A torre é apenas um dos vários projetos de construção no centro de Meca, desde linhas de trens a arranha-céus luxuosos,
hotéis e uma enorme ampliação da própria Grande Mesquita. Essas obras estão remodelando o centro histórico de Meca de
uma forma que muitos aqui acham estarrecedora, e elas têm gerado críticas enérgicas incomuns ao autoritário governo
saudita.
“Isso é a comercialização da casa de Deus”, acusa Sami Angawi, um arquiteto saudita que fundou um centro de pesquisa que
estuda questões de planejamento urbano vinculadas ao hajj, e que é um dos mais ferrenhos críticos dessas obras. “Quanto
mais perto da mesquita, mais caros são os apartamentos. Nas torres mais caras, a pessoa pode desembolsar milhões de
dólares por um contrato de leasing de 25 anos”, diz ele. “Para poder ver a mesquita, paga-se o triplo”.

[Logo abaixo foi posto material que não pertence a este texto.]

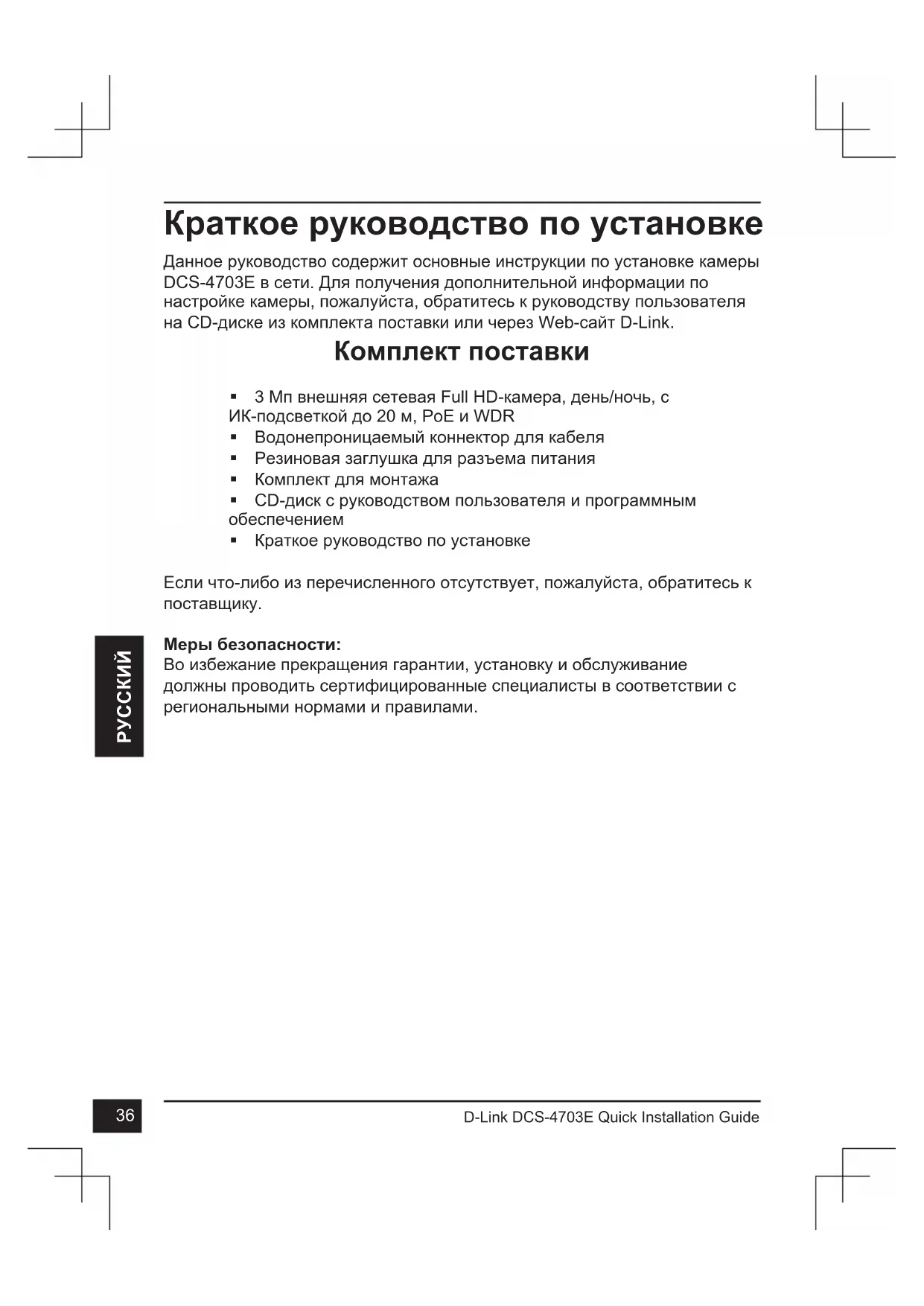 Краткое руководство по установке Данное руководство содержит основные инструкции по установке камеры DCS-4703E в сети. Для получения дополнительной информации по настройке камеры, пожалуйста, обратитесь к руководству пользователя на CD-диске из комплекта поставки или через Web-сайт D-Link. Комплект поставки 3 Мп внешняя сетевая Full HD-камера, день/ночь, с ИК-подсветкой до 20 м, PoE и WDR Водонепроницаемый коннектор для кабеля Резиновая заглушка для разъема питания Комплект для монтажа CD-диск с руководством пользователя и программным обеспечением Краткое руководство по установке Если что-либо из перечисленного отсутствует, пожалуйста, обратитесь к поставщику. Меры безопасности: Во избежание прекращения гарантии, установку и обслуживание должны проводить сертифицированные специалисты в соответствии с региональными нормами и правилами.37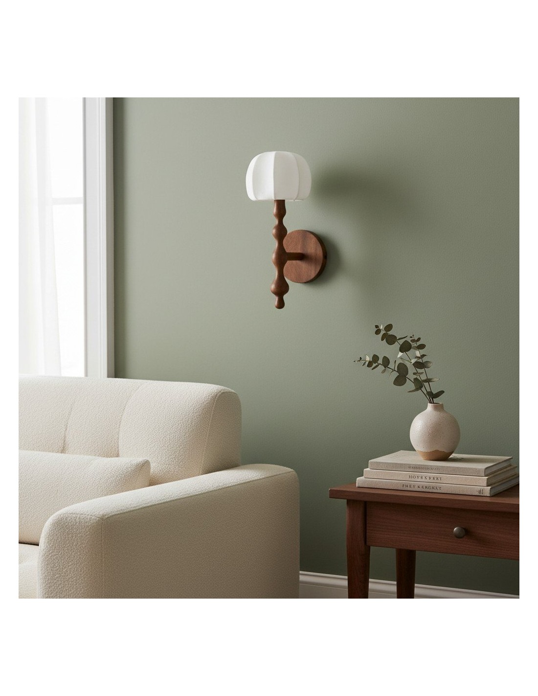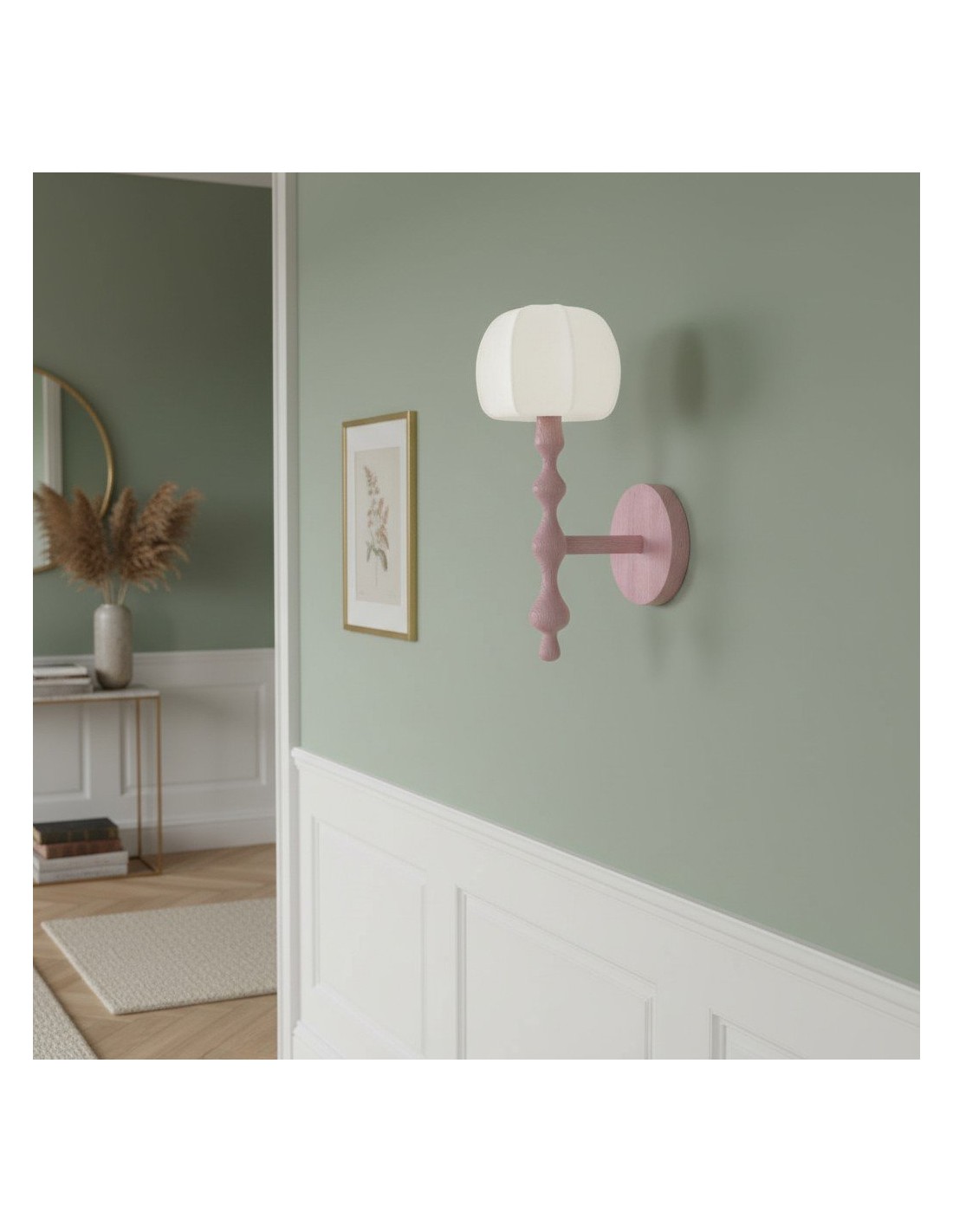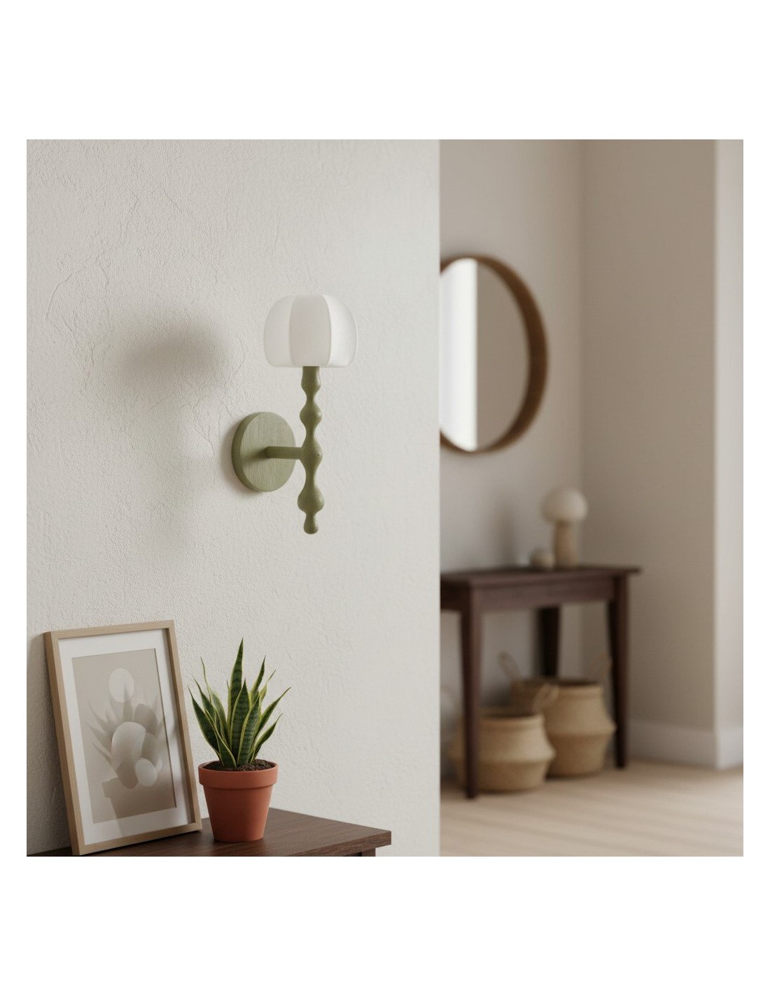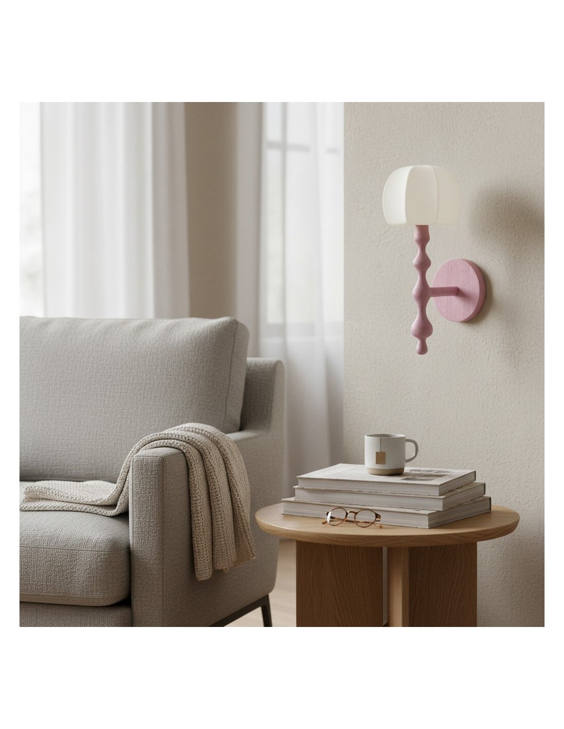 Este aplique de pared presenta una base delicadamente esculpida y una pantalla de tela con forma de capuchón que difunde la luz creando una luz cálida y acogedora. Su forma orgánica aporta una sutil profundidad visual, convirtiéndolo en una opción elegante para pasillos, dormitorios y salas de estar.

Autoridades sauditas dizem que o boom na área de construção – e as demolições associadas a isso – é necessário para
abrigar o número crescente de pessoas que fazem peregrinação a Meca durante o hajj, um número que subiu para quase três
milhões nos últimos 12 meses. Como não muçulmano, eu não recebi permissão para visitar a cidade, mas muitos muçulmanos
com quem eu conversei – incluindo arquitetos, preservacionistas e até mesmo autoridades governamentais – acreditam que o
motivo real por trás desses planos é o dinheiro: o desejo de lucrar com alguns dos imóveis mais valiosos do mundo. E eles
acrescentam que isso foi facilitado pela interpretação do islamismo especialmente estrita da Arábia Saudita, que vê como
corruptos grande parte da história após o período de Maomé e os artefatos por ela produzidos, o que significa que construções
centenárias podem ser destruídas impunemente.
Essa mentalidade está dividindo a cidade sagrada de Meca – e a própria experiência de peregrinação – ao longo de linhas de
classe bastante visíveis, fazendo com que os ricos fiquem nos altos edifícios com ar condicionado em volta da Grande
Mesquita e os pobres sejam empurrados cada vez mais para a periferia.